LA RUDA SALSKA SUR PIEDS
Paris, le 7 février 2002 - C’est peut-être en pensant à eux que Goldman a trouvé le titre de son nouvel album Musique pour les pieds… La Ruda Salska montre, affiche, proclame, qu’elle a tout compris, tout gardé, du meilleur des Satellites, de La Mano Negra et de tout ce que le versant festif du rock alternatif français a produit à la fin des années 80. Démonstration, tome troisième.
Le réel survolté
Paris, le 7 février 2002 - C’est peut-être en pensant à eux que Goldman a trouvé le titre de son nouvel album Musique pour les pieds… La Ruda Salska montre, affiche, proclame, qu’elle a tout compris, tout gardé, du meilleur des Satellites, de La Mano Negra et de tout ce que le versant festif du rock alternatif français a produit à la fin des années 80. Démonstration, tome troisième.
La Ruda Salska plaît.

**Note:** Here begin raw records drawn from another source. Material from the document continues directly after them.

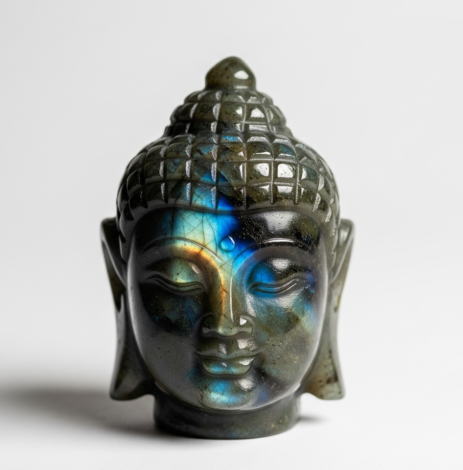 Handmade India Lord Buddha Head Statue Carved Natural Labradorite Gemstone Semi-Precious Stone Crafts Religious Engraving Stone
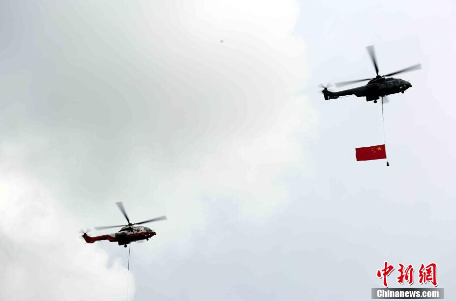 7月1日上午,特区政府的纪律部队会在空中和海上敬礼。当天,香港举行升旗仪式庆祝特区成立17周年。升旗仪式在香港金紫荆广场举行。约二千五百名各界人士出席仪式。中新社发 洪少葵 摄
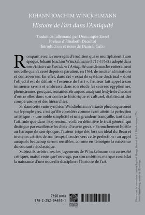 Rompant avec les ouvrages d’érudition qui se multipliaient à son époque, Johann Joachim Winckelmann (1717-1768) a adopté dans son Histoire de l’art dans l’Antiquité une démarche entièrement nouvelle qui n’a cessé depuis sa parution, en 1764, de susciter admirations et controverses. En effet, dans cet « essai de système doctrinal » dont l’objectif est de définir « l’essence de l’art », l’auteur fait appel à son immense savoir et embrasse dans son étude les oeuvres égyptiennes, phéniciennes, grecques, romaines, étrusques, analysant le style de chacune d’entre elles dans son contexte historique et culturel, établissant des comparaisons et des hiérarchies.
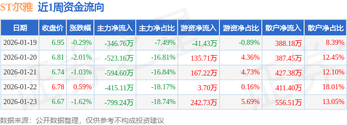 资金流向数据方面,本周ST尔雅主力资金合计净流出2678.86万元,游资资金合计净流入507.94万元,散户资金合计净流入2170.93万元。本周资金流向一览见下表:
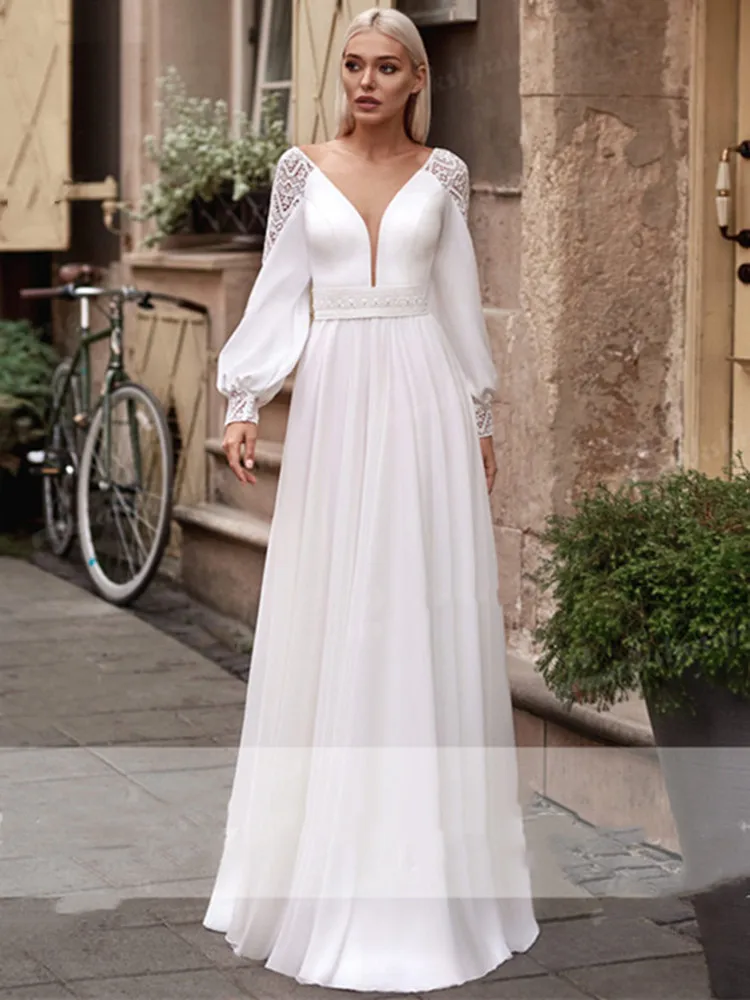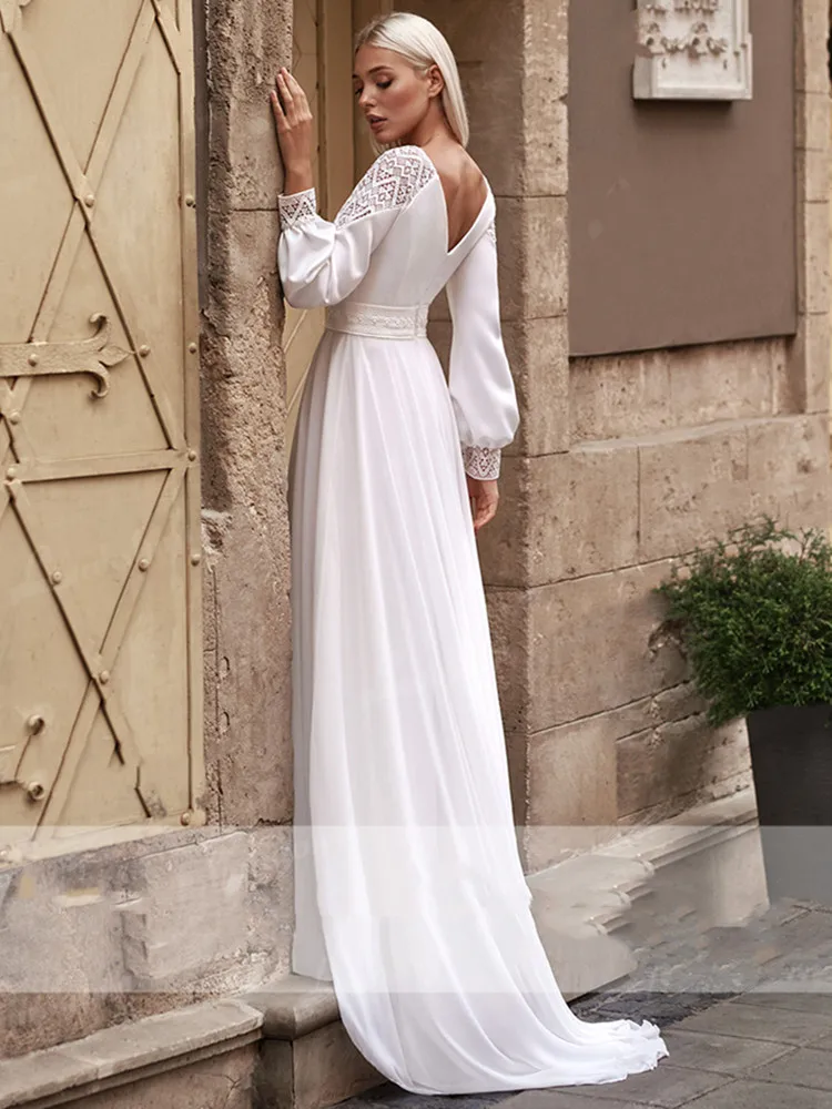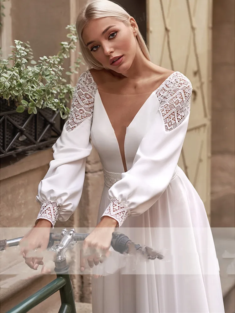 Женское платье с длинным рукавом, V-образным вырезом и кружевной аппликацией
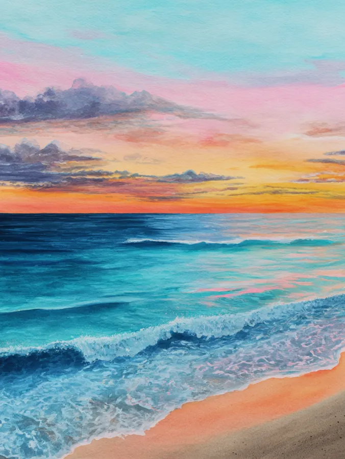 I love this kind of painting because it feels instantly soothing but still teaches so many useful skills. Playing with sky gradients and water blends is incredibly relaxing, and there is no pressure to make everything perfect since oceans are forgiving and expressive by nature. It is one of those projects where I can zone out, enjoy the colors mixing on the paper, and end up with something that looks impressive even at a beginner level. Perfect for those days when I just want to paint, breathe, and enjoy the process without overthinking it.
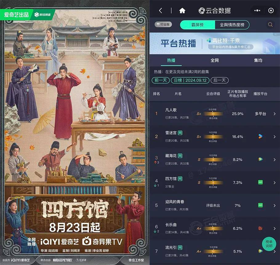 古装探案喜剧《四方馆》即将迎来收官。云合数据显示,截至2024年9月13日发稿前,《四方馆》位列连续剧热搜榜第四名,正片有效播放时长占有率为7.3%。
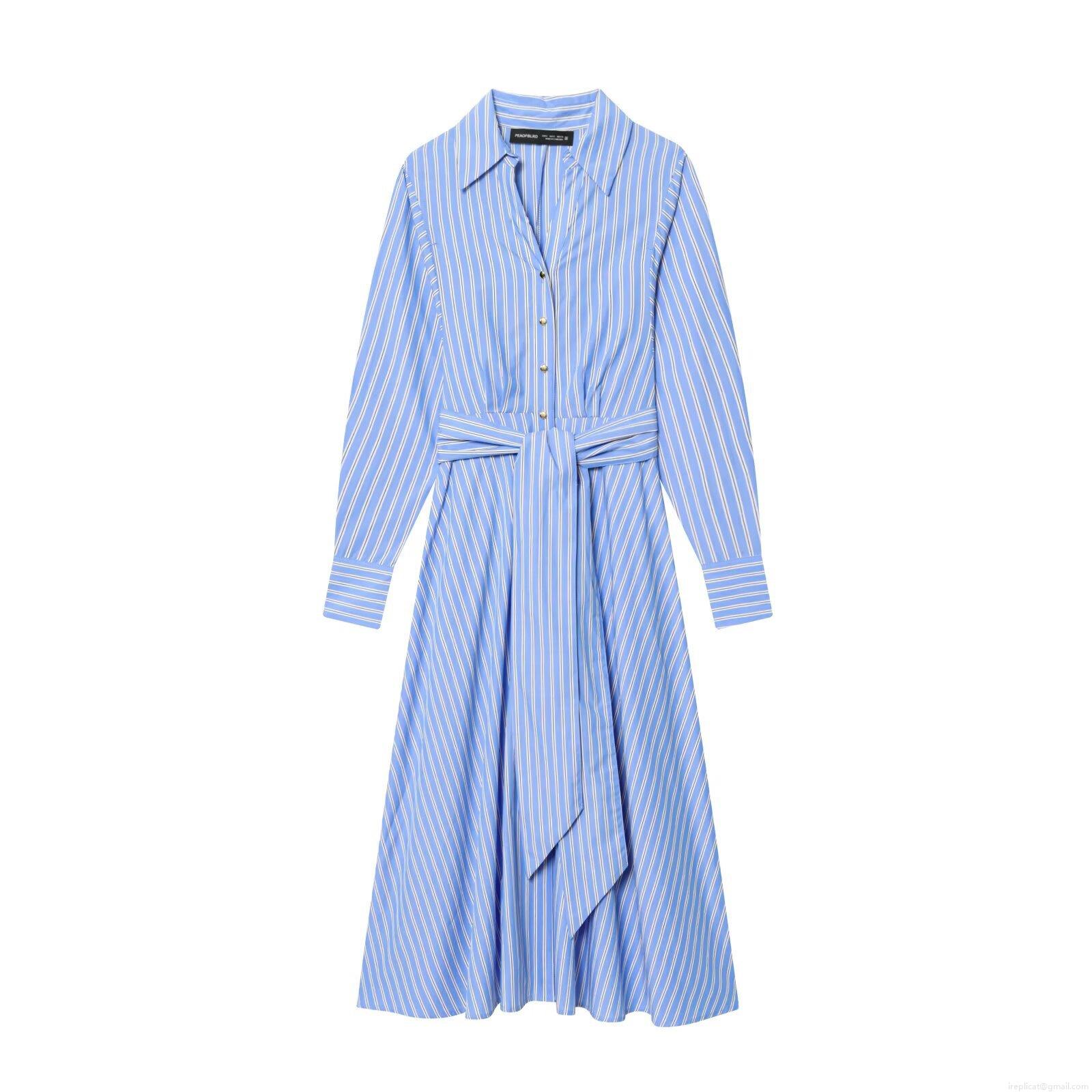 • Women Vertical Striped Shirt Dress Long Sleeve Lapel Collar Button Up Maxi Dresses With Waist Belt Casual Fashion Elegant A-Line Gown For Office Daily Wear

Elle plaît même sans se forcer grâce à la magie du rythme identitaire qu’elle s’est choisie depuis ses débuts en 1993 : une adaptation rock de l’inusable rocksteady, le ska, ce reggae sous mezcal qui donne en trois secondes des fourmis dans les jambes, la nuque, les bras (et les pieds, merci Jean-Jacques !). Avec ce troisième album, Passager du réel, La Ruda Salska se tient avec rigueur à son credo, même si elle se permet quelques harmonies vocales pop du meilleur goût.
Cuivres saignants et mélodies sans failles habillent les textes engagés-dégagés du chanteur Pierre Lebas. Il faut écouter, dès le début du CD, L’Odyssée du réel («Le premier cri / Le deuxième souffle / La troisième dimension»), ou la meilleure manière de saluer à la fois le vingt-et-unième siècle et la trente-huitième rupture amoureuse… Et aussi «Histoires improbables» («Comme les marées / J’ai l’humour noir») ou la meilleure manière de rendre allègre l'énième charge contre la pollution de la planète. Notons que notre Salska est rudement aidée dans ses œuvres par la production d’Andy Lyden (U2, Marley, Satellites, Wampas…) qui offre à ses musiques une prise de son impeccable.

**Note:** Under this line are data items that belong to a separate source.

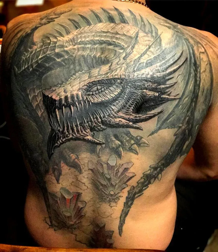 Тату дракон с кристаллами киберпанк на спине
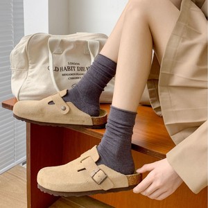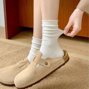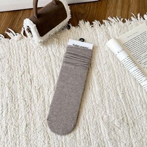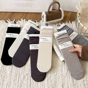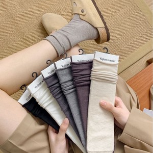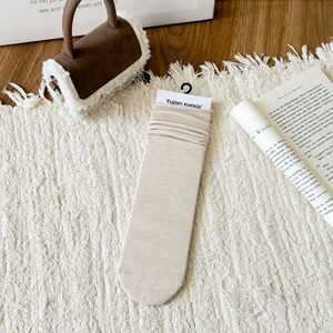 韩版美拉德系袜子女纯色卷边羊毛堆堆袜秋冬款保暖简约百搭中筒袜
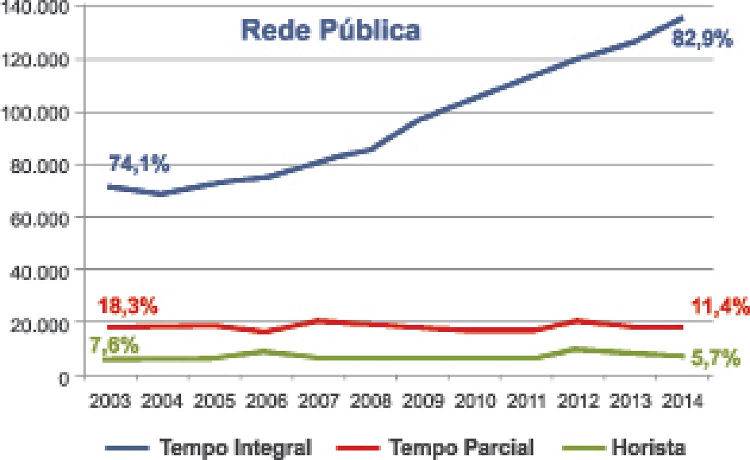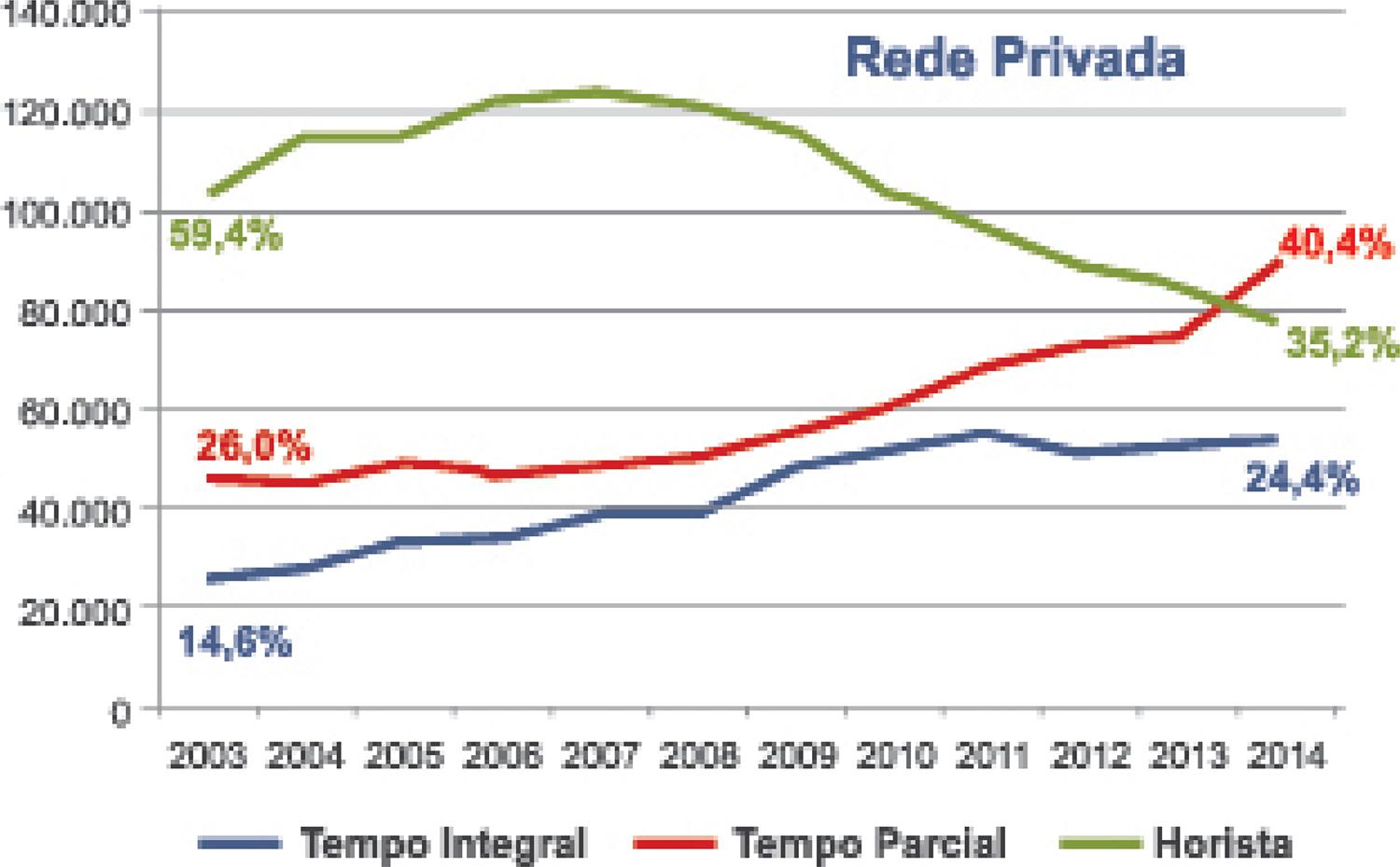 Ao observar a trajetória histórica da constituição do trabalho docente no Brasil, compreende-se a massificação do ensino como consequência da chamada democratização do ensino superior: entre 2003 e 2014, houve aumento de 96,5% na matrícula nesse nível. Diferenças entre a rede pública e privada de ensino são sensíveis: 82,9% dos docentes da rede pública têm doutorado e atuam em regime de trabalho de tempo integral, enquanto 11,4% atuam em tempo parcial e 5,7% são horistas (ver Gráfico 1). Já na rede privada, conforme se observa no Gráfico 2, o mestrado é o grau de formação mais frequente e o regime de trabalho prioritário é o parcial, com 40,4 % dos docentes, frente a 24,4% em tempo integral e 35,2% de horistas. Em 2014 havia 383.386 funções docentes em exercício na educação superior no Brasil, dos quais 57,5% tinham vínculo com IES privada e 42,5% com IES pública (INEP, 2015).

Au gré de ce disque de fête, de jeux et de rythmes, on trouve encore un joli coup de gueule en direction des politiques, L’Evolutionnaire («Plutôt que de soigner la sémantique, la diction / Faites des travaux pratiques d’éthique et de conviction»), un hommage plus qu’entraînant aux nanars des années 70 (La Comédie à la française), deux fictions polar-BD, plusieurs cris libertaires et même un raton laveur (Carnet d’une égérie, texte sur la haine qui, déclamé en rap, produirait un effet dévastateur, exactement inverse à celui de son interprétation rock-ska).

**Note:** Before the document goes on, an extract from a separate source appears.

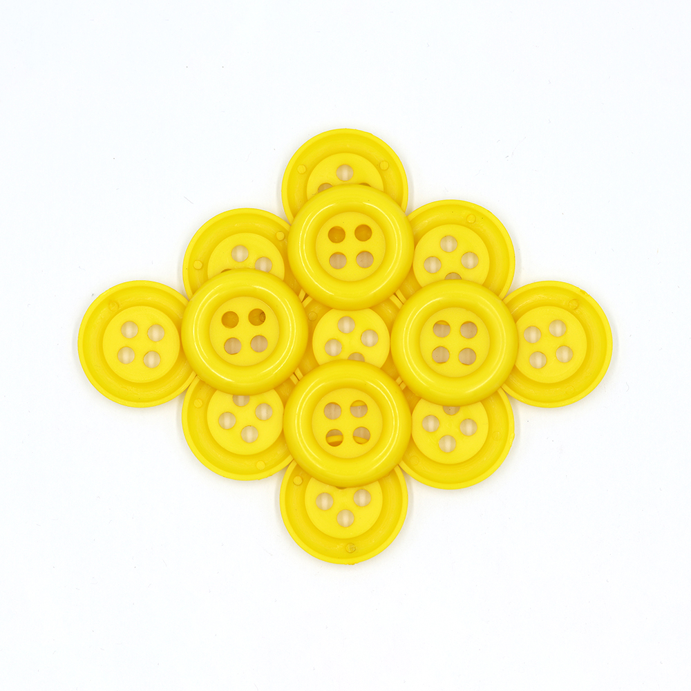 Product: Sullivans 30mm Round Plastic Button With Four Holes - Yellow - 30 In A Tube

La Ruda Salska est née en 1993 à Saumur, adorable ville de garnison du centre de la France, «le bastion de l’ordure» d’après Trust. Dès le départ, les huit individualités qui composent ce collectif suivent la saine école illustrée par Matmatah et quelques autres : des concerts, des concerts avant toute chose. Plus de 400 à l’heure actuelle dont, en 2001, les Vieilles Charrues et les Eurockéennes. Entre 95 et 98, La Ruda Salska autoproduit aussi deux albums (Le prix du silence et L’art de la joie) avant de signer, en 2000, chez un des labels de pointe de Sony, Yelen. Sort aussitôt un live d’anthologie, survolté. Avec Passager du réel, la Ruda Salska franchit une étape de plus, celle de la professionnalisation. Sans oublier de la faire rimer avec autodérision.